なぜ副詞の最上級には the が付かないの?

今回の話の本題に入る前に、中学校や高校の英語の授業で「形容詞の最上級には the が付くが、副詞の最上級には the は付かない。ただし、最近では副詞でも the が付く例が増えてきて、むしろ普通になりつつある」ということを習っていることが前提となります。筆者の場合は、この前提の1文目のことについて中学校で習いました(当時の教科書はズバリそのように使い分けていました)。「ただし」以降のことは、教員になってから生徒に教えるようになって覚えたことです。

 

さて、件の最上級に付く the のことですが、一般的には次のような例文を使って説明されます。

 

① He is the fastest runner in his class.

② He runs (the) fastest in his class.

 

①の fastest の原形の fast は「速い」という意味の形容詞です。これに対して②の fastest の原形の fast は「速く」という意味の副詞です。①の fastest は runner という名詞にかかること(「速い」→「走者」)、②の fastest は run という動詞にかかること(「速く」→「走る」)からそれぞれの品詞がわかります。以上をもって最初の段落に書いたような説明がなされるわけです。

 

では、なぜ上記のようなちがいがあるのでしょうか?

 

ここで、答えが思いつかなかった人は、「7. これを読めば the の使い方がわかる①:基本理解編」を読んでからこちらにお戻りください。答えが思いついた人は、これから書くことを読んでその答えを確認してください。

 

【Intermission】休憩

 

それでは、今回の疑問を解決していきましょう。

 

the の使い方によれば、「the は話者の間で共通理解の得られている普通名詞に付く」でした。①の文では、その普通名詞は fastest に修飾される runner になります。
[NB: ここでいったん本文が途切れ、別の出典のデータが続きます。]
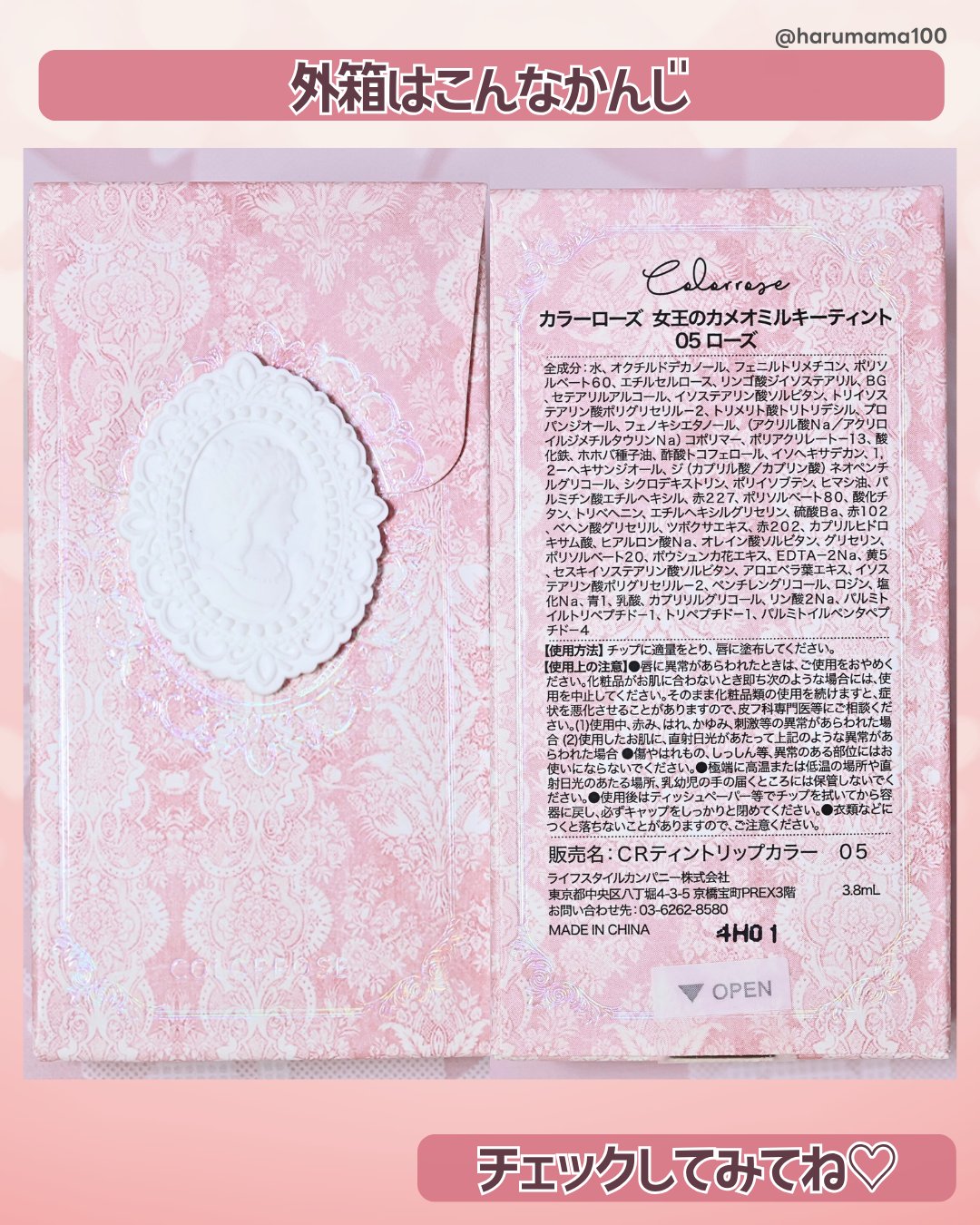 【薔薇みるくのビジュ映えティント🌹】───────────────COLORROSE女王のカメオミルキーティント05ローズ参考価格1,600円(税込)───────────────デザインの可愛さで定評のある「カラーローズ」のティント見つけた!このブランド、凝った雰囲気がありつつも使いやすくていいんだよねぇ〜。今回ご紹介するティントは薔薇色をほんのりミルキーにした透け色カラー。薄付きでムラになりがちなんだけど、むしろニュアンスと奥行きが出たよ♪オイルジェルみたいなツヤも相まって今どきのグラデ仕上げになった🙌あとあと、外箱も可愛いから捨てらんないよー🤭❣️───────────────#コスメ購入品#내돈내산#COLORROSE#カラーローズ#リップメイク#リップ#ティント#ミルキーコスメ#lip#tint#こっくりカラーコスメ#パケ買い#パケ買いコスメ#パケ買いリップ

一方の②を見てください。同じような単語である fastest に修飾される普通名詞が直後にあるでしょうか? そうです。そのような普通名詞はこの文にはありません。なぜなら、fastest はその前にある動詞 run を修飾しているからです。なお、②の後半に class という普通名詞がありますが、これは in his class という前置詞句で1つのチャンク(意味の固まり)になっているので、この普通名詞には fastest の効力は及びません。

 

これで答えがわかりましたね。

 

副詞の最上級の文では、その最上級が修飾する名詞(普通名詞)がないので、the が必要ない(付けられない)のです。

 

ところで、冒頭で「最近では副詞でも the が付く例が増えてきた」と記しました。その理由は、本来は副詞の最上級には the が付かないはずなのに、話しているときに fastest が形容詞なのか副詞なのかなどを考えている余裕がないので、一律に最上級には the を付けてしまうという例が増えてきたからだと思われます。特に、外国語として英語を習っている人にとっては、それが形容詞か副詞かなどということを一瞬のうちに判断するのは難しいですから、そのような非母語話者が増えたことで本来の使い方と異なる使い方が定着してしまったのでしょう。

 

中学校の教科書でもこの傾向が反映されており、多くの教科書で次のような表記がされています。

 

・He likes soccer the best of all sports.

・She can swim the fastest in her class.

 

上の2文の best と fastest は、それぞれ well, fast という副詞の最上級ですが、the が付いています。

 

今回の話も「目から鱗が落ちる」ことになったようでしたら嬉しいです。